2. Phytophthora root and collar rot aka Phytophthora root rot (PRR) occurs on trees in poorly drained sites. It is caused by several Phytophthora species which overwinter in soil. Some of these are common soil inhabitants while the others can be introduced into the orchard on contaminated saplings or root ball soil. When soils are wet for extended periods of time (e.g. floods form Ida hurricane, Fig. 1, Aug 31 to 1 Sep) disease development is favored. Trees exhibit different signs of infection, but some common are reduced tree growth, leaf yellowing , and sudden or slow tree death depending on rootstock/scion combination susceptibility. Late in the season and fall, red or purple leaves often express on affected trees while leaves on healthy trees remain green. Typical root symptoms are red-brown inner bark visible when outer bark is removed. Most severely affected part of the root collar with PRR is usually about 2″ below the soil line. Clear, line separation is visible between red-brown and yellow i.e. healthy part of the rootstock/scion collar. Roots can have similar symptoms visible after tree is removed. Red-brown discoloration separates PRR from other decline tree disorders such as “wet feet” (root drowning) or winter injury. Roots suffering from lack of oxygen due to flood i.e. excessive water are usually completely black and often have an unpleasant scent. Winter injury is mostly confined to the trunk above soil line, especially  on the southwest tree side, while below-ground crown may still look healthy. Sending sample to a plant health clinic to confirm PRR is advisable since herbicide injury symptoms could easily be confused with PRR. For herbicide injury the typical symptoms are mild depressions on the spray-facing sides just above the rootstock. If glyphosate was used in the past 4 years, vertical cracks in the bark on the trunk, especially on the north side of the tree are indicative.
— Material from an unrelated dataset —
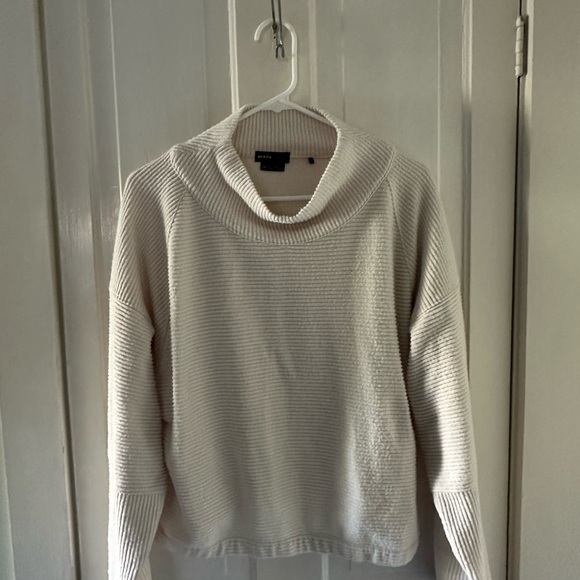 Cozy cream ribbed sweater with a stylish cowl neck.

To control PRR, apply at least two preventive summer cover sprays with phosphites and captan. This should also help for both Sooty Blotch and Flyspeck (SBFS) and can suppress PRR. There are no effective post infection management options. When it occurs, PRR is as destructive as fire blight and is protected in the wood from fungicides that cannot reach it. A better option to protect other unaffected trees if you had PRR last year or you see it this year is application or Ridomil Gold directed to affected trunk and soil and if few affected trees are found make application immediately. Dwarfing apple rootstock M-9 is somewhat resistant while M-7 and MM-111 are moderately susceptible. M-26, MM-106 and MM-104 are highly  susceptible.